Cecelia Greene came into the South Dade courthouse last Monday ready to go to trial.

By Sarah Breitenbach

MIAMI — Cecelia Greene came into the South Dade courthouse last Monday ready to go to trial.

 

Accused of battery, a crime she denies committing, the south Florida woman, who is homeless, almost refused the help of public defenders who eventually might help prove her innocence.

 

“I thought they were telling me to pay more or something,” Greene, 54, said. “At this point, I’m not able to pay anything.”

 

Had Greene arrived in court a year ago, Marissa Glatzer, an assistant public defender, would not have been there to explain that a public defender could help manage her case.

 

Since August, public defenders in Miami-Dade County have been dispatched to courtrooms to work on misdemeanor criminal cases. Public defenders across the nation typically don’t show up for the low-level cases, which include petty theft and marijuana possession.

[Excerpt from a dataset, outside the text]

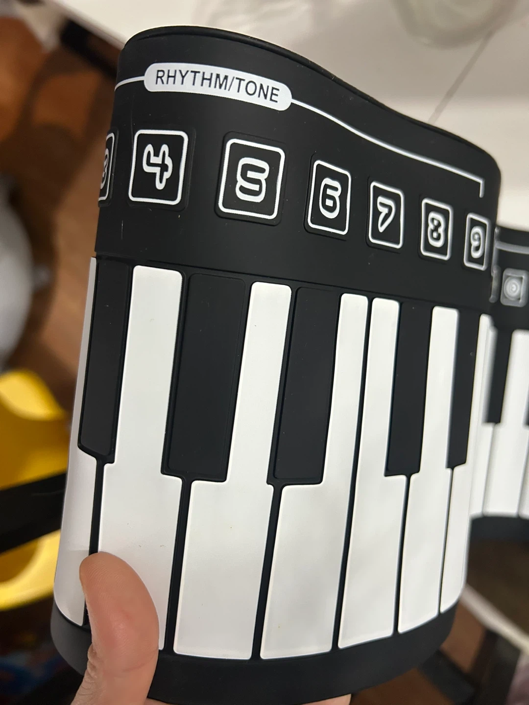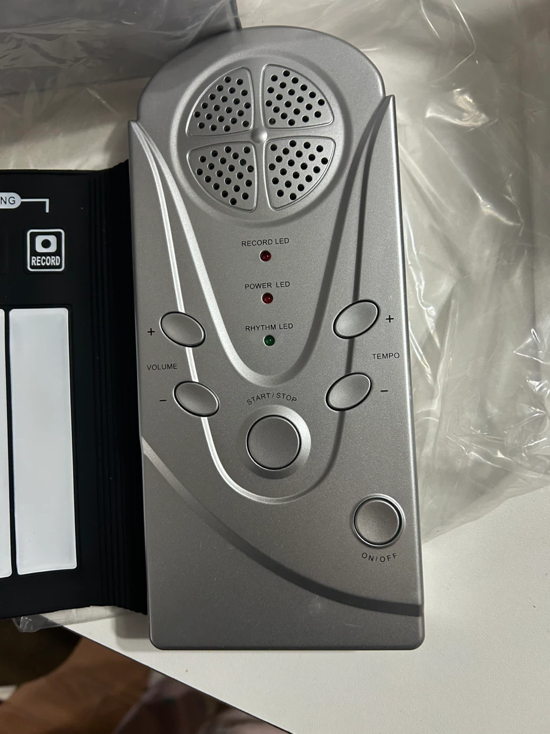 This is a roll-up electronic keyboard, ideal for on-the-go music practice. It features volume and tempo controls with a built-in speaker. A record function is also included.

But Glatzer said putting lawyers in these courtrooms can prevent indigent defendants from taking disadvantageous plea deals that result in prohibitive fines and court costs. Convictions can also have long-term consequences: They can make it hard to get a job or get into public housing, she said.

 

Miami’s effort is rare at a time when many public defender’s offices are struggling to provide adequate representation for people unable to pay for their own lawyer in more serious felony cases, a right guaranteed by the U.S. Constitution.

 

The lack of funding for public defenders has gotten so bad in Louisiana that the state’s Public Defender Board has been sued for putting new clients on a waitlist because there are not enough attorneys to take their cases. In Missouri, lawyers reported only being able to do a fraction of the work needed to effectively represent their clients.

 

Former U.S. Attorney General Eric Holder has called insufficient criminal defense for indigent people a national crisis, and the Justice Department has investigated constitutional violations in representation.

 

There is a lack of funding for public defense in every state, according to Colette Tvedt of the National Association of Criminal Defense Lawyers; and people charged with low-level misdemeanors, often poor minorities, suffer the most.

 

“I’m sitting in courtrooms and seeing mass amounts of men, women and children, often in poor, black communities, that are being shuffled through the system without any representation,” Tvedt said.

 

Without a lawyer to argue against what Tvedt calls exorbitant fees, fines and court costs, defendants are likely to end up in jail when they cannot pay.

 

The Crisis

Public defender’s offices across the country are struggling because state and local funding has been cut while legislatures have simultaneously elevated many infractions from civil to criminal penalties, Tvedt said.

 

In many places, she said, crimes like driving on a suspended license, possessing alcohol underage or even sleeping in public have become arrest-worthy offenses, with severe outcomes — like job loss or deportation — for those convicted of such crimes.

 

Only 27 percent of county-based and 21 percent of state-based public defender’s offices have enough lawyers to appropriately handle their caseloads, the Justice Policy Institute (JPI) found in 2011.

 

“There’s discussion that there’s no money for repairing the roads, for education; but public defense, for whatever reason, is on the lowest priority list, even though it impacts the communities probably the most,” Tvedt said.

 

In Missouri, the state’s public defenders spend an average of nine hours on certain felony cases that really need about 47 hours of work, a 2014 American Bar Association study found.

 

Michael Barrett, director of the Missouri State Public Defender System, said the study proves he would need to add 254 more lawyers to a staff of 350 to adequately serve clients. Last year, his office handled about 74,000 cases, Barrett said, giving between 200 and 300 cases to each lawyer.

 

“If all those clients wanted to go to trial, that’s impossible,” Barrett said. “If 10 of them wanted to go to trial, it’s impossible, and if one of them wants to go to trial, it’s near impossible.”

 

The U.S. Department of Justice also found defendants in St. Louis County, Missouri, were experiencing an unconstitutional denial of due process because of the size of public defenders’ caseloads.

 

Paying for Public Defense

There is no federal mandate for how states fund public defense, and though most public defender’s offices rely on state money for most or all of their funding, 19 states shift that responsibility to the counties.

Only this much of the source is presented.